US & Canada

Clarence Thomas breaks Supreme Court silence

US SUpreme Court Justice Clarence Thomas file picture
Image caption Clarence Thomas has not spoken in court since February 2006

US Supreme Court Justice Clarence Thomas, who has not asked a question in court for nearly seven years, has spoken to a lawyer presenting a case.

Justice Thomas, 64, made a comment during a joke about lawyers who studied at Harvard and Yale - both Ivy League universities - lawyers in court said.

He said "Well, he did not...", according to court transcripts, prompting several justices to laugh.

Justice Thomas has not asked a question in court since 22 February 2006.

He has suggested in the past that he holds back from asking questions because he wants to give lawyers a chance to make their case.

He has also said he is self-conscious about the way he speaks, having been teased as a child about the dialect he grew up using in Georgia, and developed the habit of not asking questions at college and law school.

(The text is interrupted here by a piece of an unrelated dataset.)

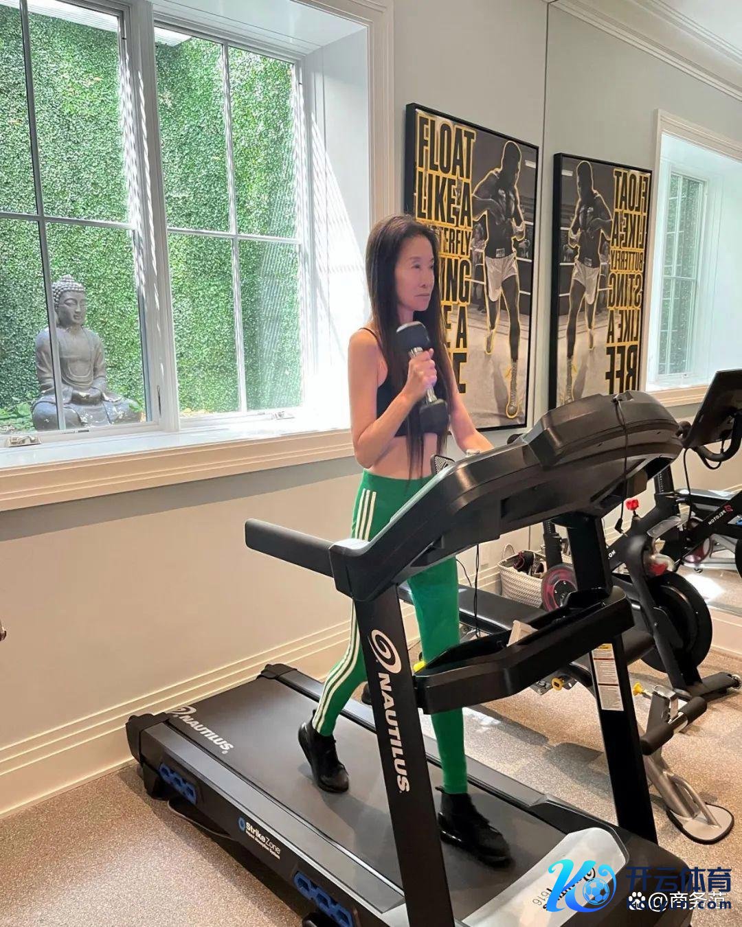 她还配备了家庭健身房,往往晒多样跑步机照什么的。有钱有闲,生活样式也相比健康。
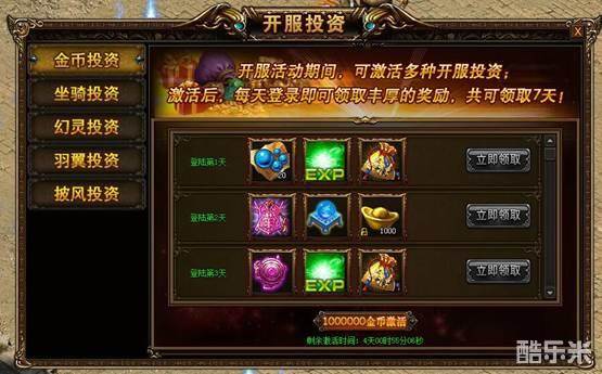 【活动内容】:开服活动期间,可激活多种开服投资,激活后,每天登录即可领取丰厚的奖励,

Correspondents say the justice's comments on Monday were not clear, other than that he seemed to be joking about Ivy League law school graduates.

One lawyer said the joke was at the expense of Yale Law School, where Justice Clarence studied, while another lawyer said Harvard Law School was the target of the joke, the Associated Press reported.

The nine-member bench was hearing arguments in the case of Boyer vs Louisiana, in which Jonathan Boyer is seeking to have his murder conviction overturned because he was held in jail for seven years before trial.

His lawyers say Boyer's constitutional right to a speedy trial was violated.

Correspondents say that one issue in the case is whether Boyer's court-appointed lawyers in the early stages of his case were qualified to represent him.

Justice Antonin Scalia asked the lawyer representing the state of Louisiana to confirm which law schools two of the lawyers in question had attended, when Justice Thomas made his comments.

Justice Thomas is the only member of the bench who has a habit of not asking questions when oral arguments are heard by the court.